In November 2009, I weighed just over 118kg (260lbs). I was desperately unfit: just walking to the shops less than a block away from my house seemed like a huge effort. Often, i would drive rather than walk! I was fat, and I felt terrible and reached a point where I knew I had to do something about it. It felt like a crossroads: either I could go on being inactive and become seriously obese, or I could take control of my life. To help crystalise my realisation, I also found out about the same time that my father suffered from adult-onset diabetes. That wasn’t a place I wanted to go.

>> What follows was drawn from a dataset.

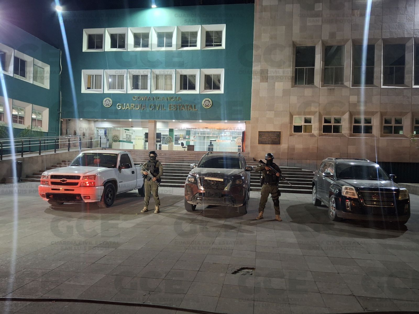 En el sitio fueron aseguradas: Una camioneta Nissan Frontier color rojo, sin placas, con un chaleco táctico negro en su interior. Una camioneta GMC Terrain color negro, sin placas. Una camioneta Chevrolet Silverado color blanco, sin placas.

There was probably a bit more to it, as well. I had spent nearly twenty years working as a musician, but even more as a teacher and music educator. I had more or less devoted my life to my students and in trying to ensure they had the best of everything. I was very successful. My students achieved extraordinary results. The jazz bands I directed and the programs I ran became ultra-successful and known around the world as models of excellence. But the longer I worked at it, the more a dismaying realisation dawned upon me: the person who cared most about what I was doing…was me. In fact, often the only person who even thought my work was important…was me!

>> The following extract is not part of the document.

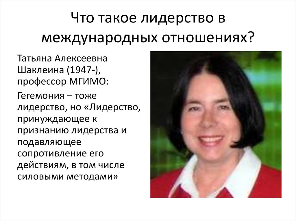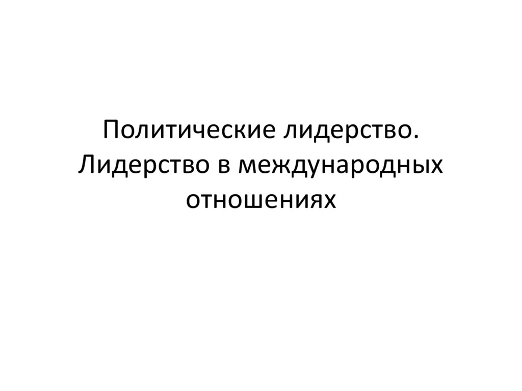 Политические лидерство. Лидерство в международных отношениях. Лекция 5
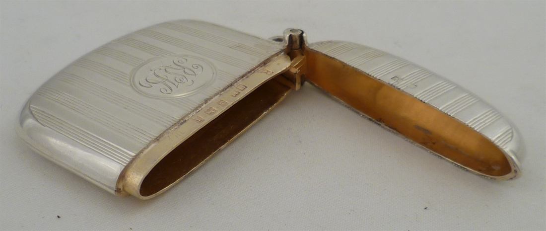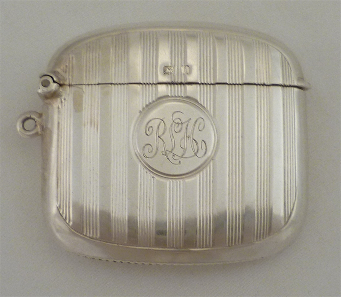 DESCRIPTION | Superb Edwardian solid sterling silver vesta case with engine turned decoration, monogram engraved cartouche, brightly gilded interior and a silver strike. |

In effect, I had given up my twenties and most of my thirties to a cause that noone else even thought was a cause. I had turned down some spectactular opportunities as a performer for the sake of being there for my students, but that loyalty was rarely, if ever, repayed. Sure, I built a career of sorts, and a name for myself, but at what cost? I worked massive, crushing hours, more often than not unpaid. I had almost no free time. I worked, ate, slept, and worked again. When I did have time, I was too exhausted to do anything like exercise. The painful truth was that, in the end, I was paying a massive personal and professional price for what I was doing. The only person who was going to look out for me and improve my life…was me.

Taking back control

One thing I had enjoyed doing occasionaly was bushwalking (hiking). I was too unfit to truly enjoy the experience or to get too much out of it. But as I transitioned from focusing on the needs of others to what I needed, that became my target. I was going to seize control of my life and my destiny, and get exercising.

I stopped eating masses of bad food, I reduced the portions I ate, and I started walking regularly. Often on weekends I would do longer walks in the bush. The distances gradually increased  until I was doing 40km (24miles) in a day on rugged and steep trails. I would do 100km over a weekend, with hardly any sleep. These walks were both exhausting and exhilarating.

By June 2010, my weight was down to 79kg (173lbs). I could walk quickly up hills carrying a heavy pack. I had to buy new, smaller, clothes. I felt great! I even joined a bushwalking club (Sydney University Bush Walkers Assocition – SUBWA) and started doing walks with them. I learned to abseil and started going on canyoning trips.

Things went a little bit off during 2011. I got distracted by work, by now my own business, Jazz Workshop Australia (a jazz school, check it out!), started with the support of a friend, and by renovations at home. I walked fewer and fewer weekends, and the weight started creeping back up.

A new focus

But in 2012, I  got back on track. I exercised every day, trying to fit in at least one hour for six days a week and a bit less on the seventh. I do a long walk/run every week and am working through a new series of personal challenges. My main target now that I’ve done the GNW250 is to do some more 6, 12, and 24 hour track races, as well as more bushwalking. This has to fit around my work teaching and running my jazz school as well as rehearsing and gigging, writing, recording music, and more.

Since starting this blog I have also completed a PhD, involving research into jazz education (you can read my doctoral thesis here). Everyone has excuses, and jazz, teaching, and research are mine. It really is a challenge to balance these with training, but of course I remain determined.

On this site I try to document a few walks plus some walking type things I’ve liked or found interesting. I also mention jazz sometimes because it’s an adventure too.